Abstracts
Résumé
C'est par un curieux paradoxe que l'un des secteurs les plus importants de la vie politique, du moins dans la société américaine, a été presque entièrement négligé par les chercheurs jusqu'à une époque toute récente. Il y a à peine sept ans qu'un politicologue faisait paraître, dans l 'American Political Science Review, un article intitulé « The Lost World of Municipal Government ». Une fausse et tenace division du travail n'avait voulu voir jusque-là dans le gouvernement municipal, fût-il aussi vaste que celui de New-York, qu'une entité administrative, la véritable politique se jouant à un niveau supérieur. Ainsi, pendant de longues années, les chercheurs se sont-ils satisfaits d'étudier l'aspect administratif, dans une perspective d'ailleurs nettement orientée vers une réforme visant surtout à introduire une certaine éthique dans des comportements politiques où, jusque-là, le boss symbolisait tout un système. Au mieux, tous ces travaux aboutirent à considérer la vie d'une grande ville de la même manière que celle d'une entreprise et à lui appliquer les mêmes critères d'économie et d'efficacité. C'est en ce sens que l'on peut qualifier de sous-développée cette importante partie de la recherche politique. Des caractéristiques fondamentales de la vie urbaine, telles la définition de la démocratie à ce niveau, la formation d'une communauté, l'activité des groupes d'intérêt, bref, ce qui constitue l'essentiel du phénomène politique : les relations de pouvoir et d'influence, n'a presque pas été abordé.
Pourtant, la science politique progressait et déplaçait son centre d'intérêt de la seule étude des institutions politiques vers l'examen du comportement et de la structure d'autorité à tous les niveaux : dans un parti politique, au sein d'un comité ministériel, dans un puissant groupe d'intérêt. En même temps, la rapide croissance des milieux urbains interdisait de ne pas tenir compte de la complexité du problème. La nécessité, une fois de plus, allait susciter des travaux importants : le problème de la banlieue, la faiblesse du vote dans les grandes villes, l'unification des structures municipales dans un ensemble métropolitain, pour ne citer que ces trois questions, furent à l'origine de recherches qui représentent maintenant des étapes majeures dans le progrès de la science politique et même, de la façon la plus large, vers l'élaboration d'une théorie politique générale. On assiste donc depuis quelques années à une véritable explosion dans ce domaine. Floyd Hunter a ouvert la voie en 1953, mais c'est depuis cinq ans surtout que les travaux se sont multipliés, à tel point que ce secteur est aujourd'hui devenu, sans aucun doute, l'un des principaux champs de la science politique. Un peu partout, d'importants projets de recherche sont mis en œuvre aux États-Unis : à Chicago, à New-York, à Saint-Louis, à New-Haven, et chaque trimestre apporte sa moisson d'articles sur la vie politique, entendue cette fois au sens le plus large, des grandes villes.

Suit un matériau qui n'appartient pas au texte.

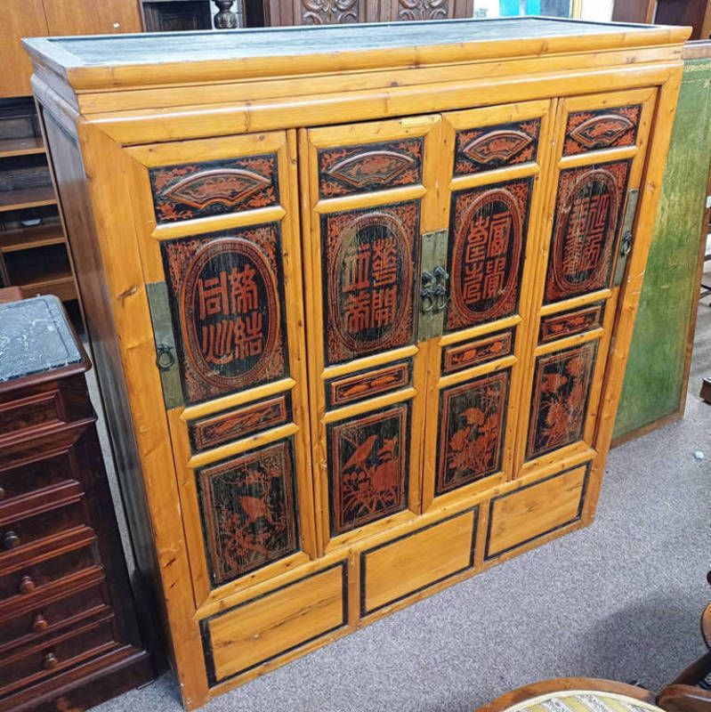 Eastern pine cabinet with 4 panel doors with red & black lacquer oriental decoration opening to 3 drawer fitted interior. 145 cm tall x 132 cm wide
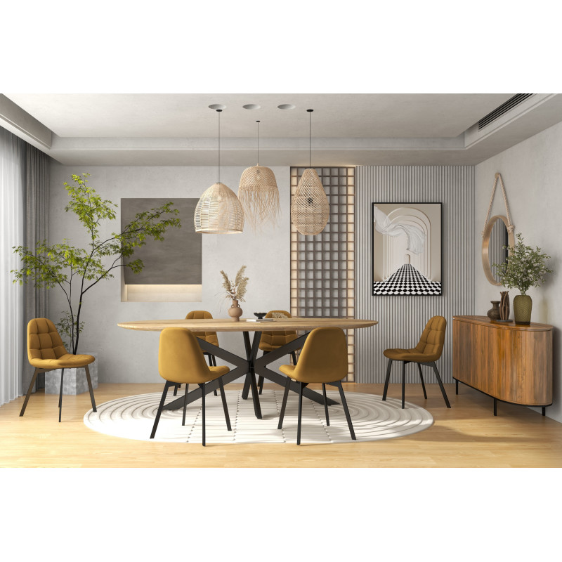 De inspiración escandinava revisitada con un espíritu chic y contemporáneo, la silla STELLIA combina un cómodo asiento cosido con una pata de metal negro muy moderna. Está disponible en varios colores variados, en un bonito terciopelo de fácil cuidado. br />Versión presentada en juego de 4 y terciopelo Mostaza.
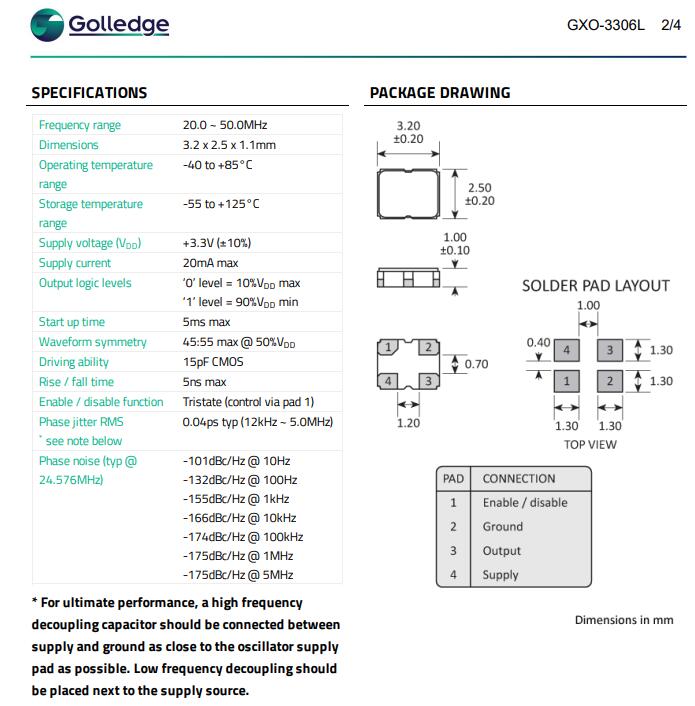 Golledge Electronics提供GXO-3306系列超低抖動(dòng)振蕩器.這些振蕩器旨在提供卓越的信號(hào)完整性,確保在苛刻的環(huán)境中提供準(zhǔn)確可靠的性能.

Comment, par rapport à cette évolution, se situe l'étude politique de Montréal ? La première impression, et elle s'avère malheureusement trop juste, indique que le retard est ici considérable. L'importante bibliographie publiée en 1961 sur les « Matériaux pour une sociologie politique du Canada français » ne mentionne qu'une étude proprement académique sur le Montréal politique. Pourtant, dans certains secteurs, divers travaux ont été entrepris et menés à bonne fin. Il y a donc lieu d'établir le bilan de la recherche réalisée jusqu'ici pour mieux faire ressortir tout ce qui a été laissé de côté. Après avoir identifié les tâches à entreprendre, nous serons amenés à proposer, en nous appuyant sur l'importante contribution américaine, les éléments d'un plan général de recherches sur la vie politique montréalaise.